Letzte Woche demonstrierten wieder einmal die Haredim (Ultra – Orthodoxe Juden) in Jerusalem, Beit Shemesh, in Bnei Brak sowie in kleineren von Haredim bewohnten Städten.
Vorwiegend junge Haredim zeigten sich äußerst angriffslustig, denn sie demonstrierten gegen den Armeedienst. Dazu könnte ich jetzt wieder extrem viel Hintergrundfakten berichten, doch fasse ich mich kurz und nicht zu umständlich:
Zuerst einmal muss man erwähnen, dass kaum ein führender Rabbiner hinter den Demonstranten stand. Lediglich Rabbi Shmuel Auerbach aus Jerusalem. Und hierzu muss man wissen, dass seit dem Tode des bekannten Rabbi Yosef Shalom Eliyashiv im Jahre 2012 mehrere litvische Rabbis um die Führungsrolle im litvischen Movement kämpfen. Rabbi Auerbach aus Jerusalem ist einer davon. Der Konkurrenzkampf mit Bnei Brak (bei Tel Aviv) und dessen führende Rabbis Steinmann und Kanievsky ist hart.
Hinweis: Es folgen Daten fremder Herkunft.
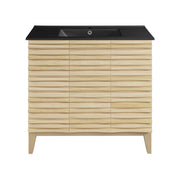 Swiss Madison Cascade 36 in. Natural oak Bathroom Vanity With Black Ceramic Sink Top - SM-BV471MB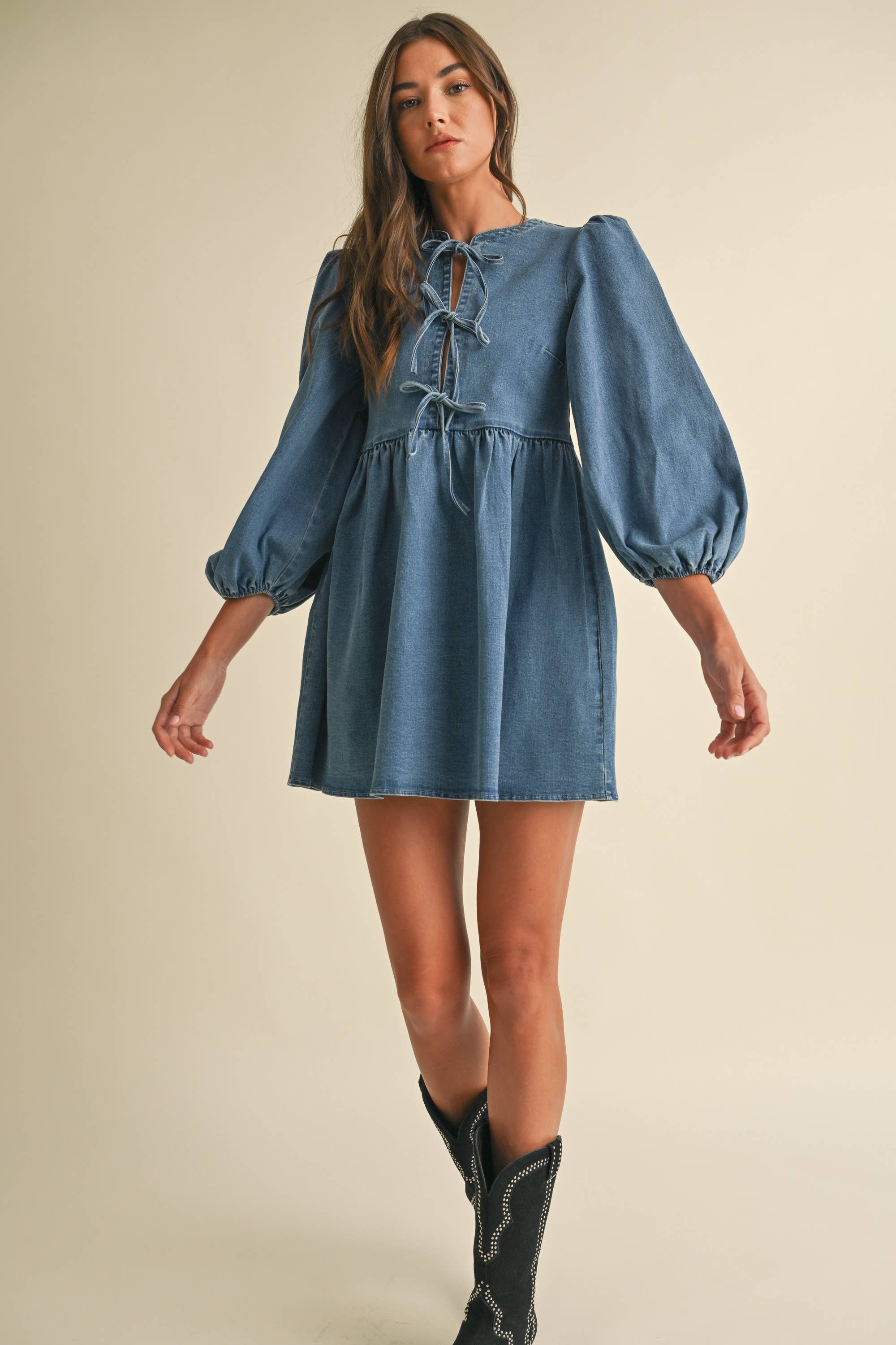 LD1727 Abito in Denim Autunnale con Maniche a Sbuffo e Dettaglio con Fiocco Frontale

Jeder Rabbi will der beste und strengste sein und so gibt es ständig Reibereien. Dazu die Differenzen innerhalb vieler chassidischer Gruppen und in Mea Shearim geht es seit Jahren darum zu zeigen, dass einer frommer ist als der andere. Allein aus diesen Gründen sollte man diverse Demos nicht so furchtbar ernst nehmen. Insbesondere dann nicht, wenn nur ein Rabbi hinter ihnen steht und sich die haredischen Knessetparteien wie SHASS oder YAHADUT HATORAH einen feuchten Kehrricht um die Demonstranten scheren. „Na und! Ein Rabbi mit Gefolgschaft will man wieder zeigen, dass er auch wichtig ist.“  
Deutsche Medien könnten das alles wieder aufbauschen a la „Scheiss fromme Juden“, „Scheiss Fundamentalisten“ und „Ultra – Orthodoxe Juden sind eh alle zurückgeblieben“.
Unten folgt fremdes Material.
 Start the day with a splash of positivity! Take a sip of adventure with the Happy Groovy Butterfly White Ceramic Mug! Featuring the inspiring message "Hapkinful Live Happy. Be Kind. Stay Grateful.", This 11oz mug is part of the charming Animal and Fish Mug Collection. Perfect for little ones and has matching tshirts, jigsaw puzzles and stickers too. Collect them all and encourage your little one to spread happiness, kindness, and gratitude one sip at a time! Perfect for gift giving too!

Das wäre die dumme einfach Fassung der Situation, welche die deutsche Meinungsmache gerne auffährt, ohne jegliche Ahnung zu haben. Genau dasselbe erfahren israelische Siedler in den deutschen Medien. „Alles Idioten und scheiss jüdische Fundamentalisten“.
Bei den haredischen Demonstrationen muss immer dazu gesagt werden, dass nicht ALLE Haredim demonstrierten, sondern lediglich diverse kleine Gruppierungen mit einer bestimmten Agenda. Die haredische Mehrheit schloß sich nicht an.
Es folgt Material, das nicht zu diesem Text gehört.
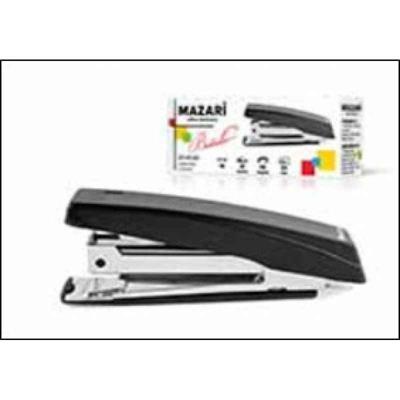 Степлер №10 BESTSELLER, 12 листов, с антистеплером, ЧЕРНЫЙ, пластиковый Mazari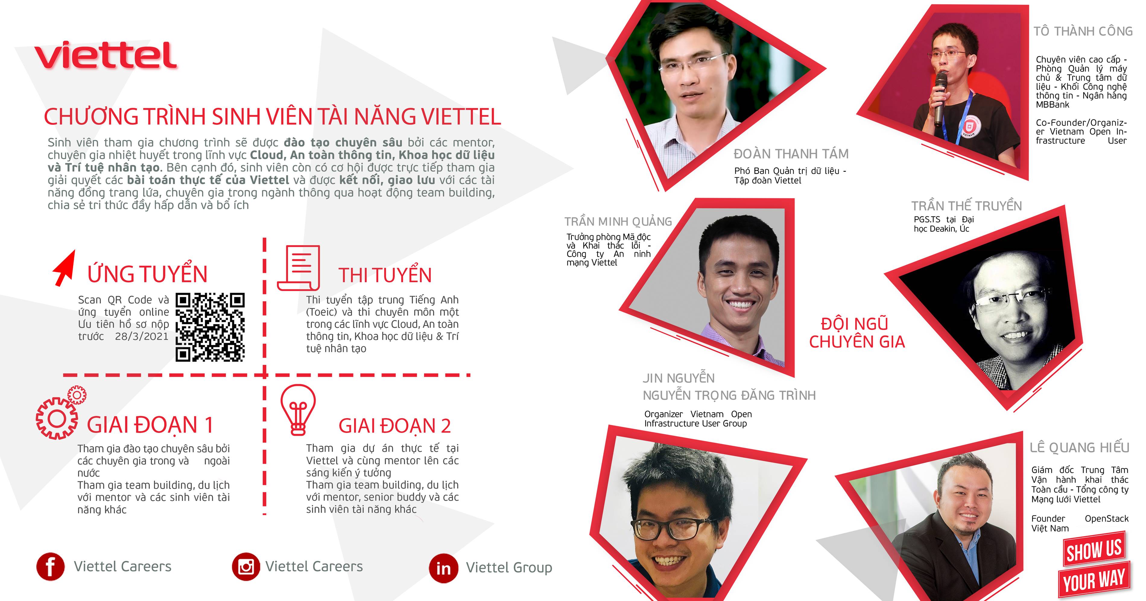 - Sinh viên được tham gia các buổi đào tạo, chia sẻ, đinh hướng của đội ngũ chuyên gia hàng đầu của Viettel, trong và ngoài nước trong lĩnh vực Cloud, An toàn thông tin, Khoa học dữ liệu & Trí tuệ nhân tạo của Viettel

In Jerusalem gab es in der letzten Woche an der Kreuzung neben dem Busbahnhof Randale. Demonstranten hielten Straßenbahn, Busse und den gesamten Verkehr auf. Und das fast immer zur Feierabendzeit, wenn die Leute nach Hause wollten. Klar, waren die Leute sauer und ich sah viele einfach heimlaufen. Busse gab es teilweise keine und wenn, wurden lange Umwege gefahren.
Die Demos waren geprägt von polizeilicher sowie haredischer Gewalt. Jeder gegen jeden und was die Polizei leider immer wieder tut: Es werden Drusen oder russische Nichtjuden gegen religiöse Juden losgeschickt. Ob das in der vergangenen Woche wieder der Fall war, kann ich nicht mit Bestimmtheit sagen, denn ich war nicht dabei. Generell aber sind Drusen und Russen immer dabei, wenn es gegen Juden geht. Auch bei Siedlungsräumungen.
Die Demonstranten selbst taten sich auch keinen Gefallen, denn die breite israelische Öffentlichkeit hat sowas von Schnauze voll vom Thema „Nicht zur Armee zu wollen“. Jeder Israeli solle zur Armee gehen oder halt verweigern und dafür im Knast landen. Oder einen freiwilligen Sozialdienst machen, wie nationalreligiöse Girls beim „Scherut Le’umi“. Es kann nicht angehen, dass junge Soldaten fallen und viele (nicht alle) Haredim nur auf ihrem Hinter sitzen und nichts tun.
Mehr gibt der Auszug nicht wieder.